The members of the unit were to use their traditional bushcraft and fighting skills to patrol the coastal area, establish coastwatchers, and fight a guerilla war against any Japanese who landed. Living off the country and using traditional weapons, they were mobile and had no supply line to protect. Thomson shared the group's hardships and used his knowledge of Aboriginal custom to help deal with traditional rivalries. The unit was eventually disbanded, once the fear of a Japanese landing had disappeared.
The Indigenous Australians in the unit received no monetary pay until back pay and medals were finally awarded in 1992.
Kapiu Masai Gagai
Kapiu Gagai was a Torres Strait Islander from Badu Island. He was a skilled boatman and carpenter and was working on pearling luggers when he joined Donald Thomson in Arnhem Land during the 1930s. In 1941 he again joined Thomson, this time in the Northern Territory Special Reconnaissance Unit. As bosun of Thomson’s vessel, the Aroetta, he patrolled the coast to prevent Japanese infiltration. Later he accompanied Thomson on patrol into Japanese-held Dutch New Guinea, where he was badly wounded. Gagai never received equivalent pay to white soldiers, which was also difficult for his family during and after the war.
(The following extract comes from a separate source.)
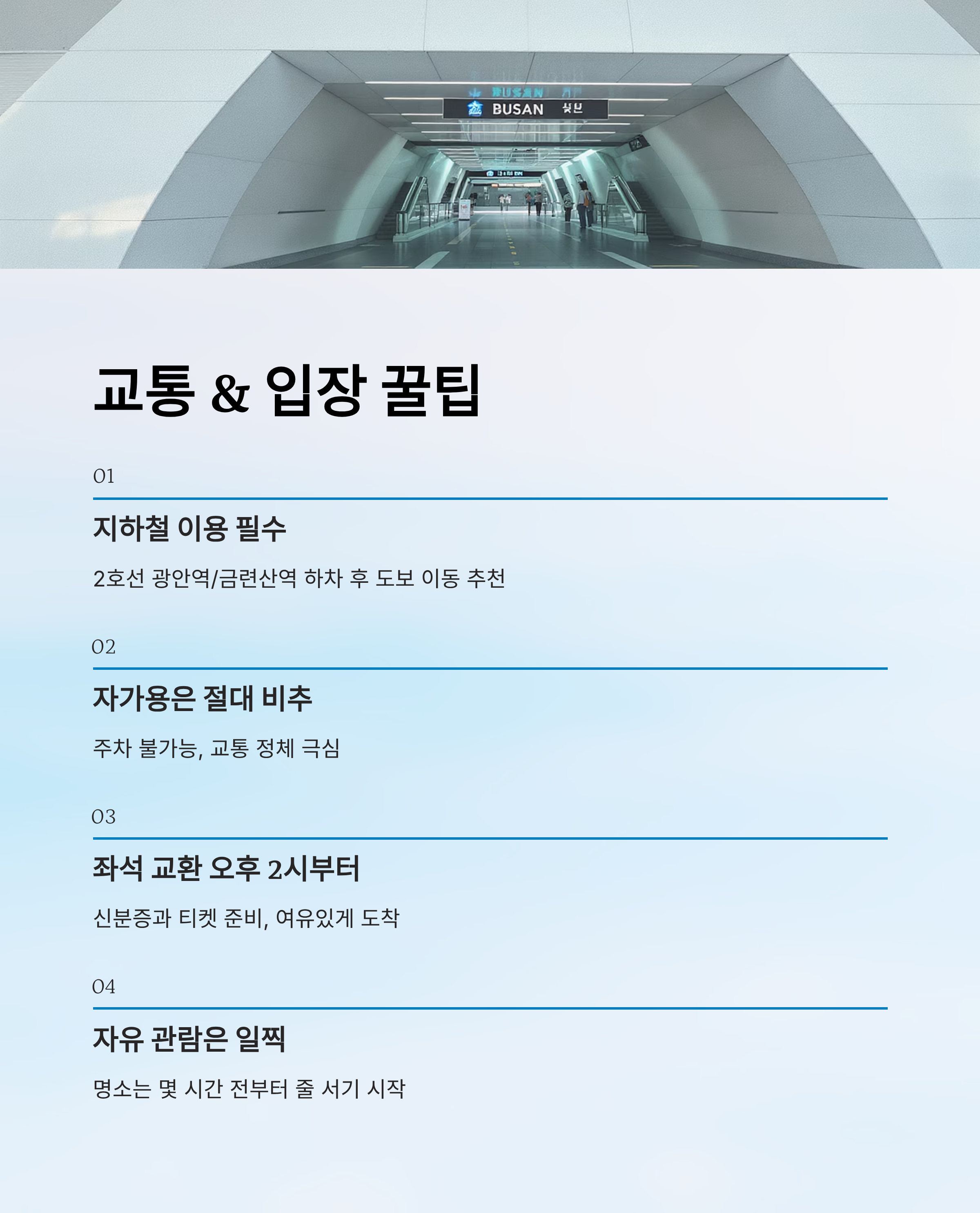 축제 당일엔 상상을 초월할 정도로 교통이 혼잡해져요. 그래서 가장 추천하는 방법은 대중교통 이용이에요! 특히 지하철 2호선 ‘광안역’ 또는 ‘금련산역’에서 도보로 이동하는 것이 효율적이에요.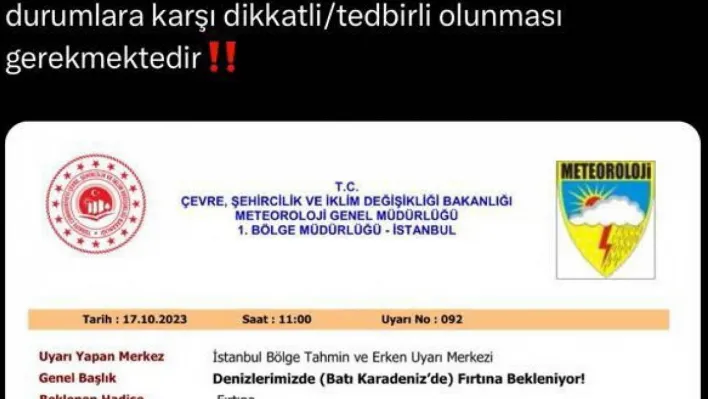 Sakarya Valiliği, meteorolojik verilere göre 18 Ekim Çarşamba günü sabah saatlerinden itibaren beklenen kuvvetli rüzgar ve fırtınaya karşı uyardı. Valiliğin sosyal medya hesabından yapılan paylaşımda, "İlimizin sahil kesimlerinde (Karasu, Kaynarca, Kocaali) yarın sabah saatlerinden itibaren şiddetli rüzgar (fırtına) beklenmektedir. Olumsuz hava koşullarında yaşanabilecek durumlara karşı dikkatli ve tedbirli olunması gerekmektedir" denildi.

Indigenous personnel are known to have served in later conflicts and operations (including in Somalia, East Timor, Afghanistan, Iraq, and on peacekeeping operations) but no numbers are available.
In the 1980s the Department of Defence began collecting information about Indigenous heritage, and these figures show that the number of Indigenous men and women serving in the Australian Defence Force has been increasing since the 1990s. The department claimed that in early 2014 there were 1,054 Indigenous service personnel (on both permanent and active reserve) in the Australian Defence Force, representing about 1.4 per cent of the ADF’s uniformed workforce.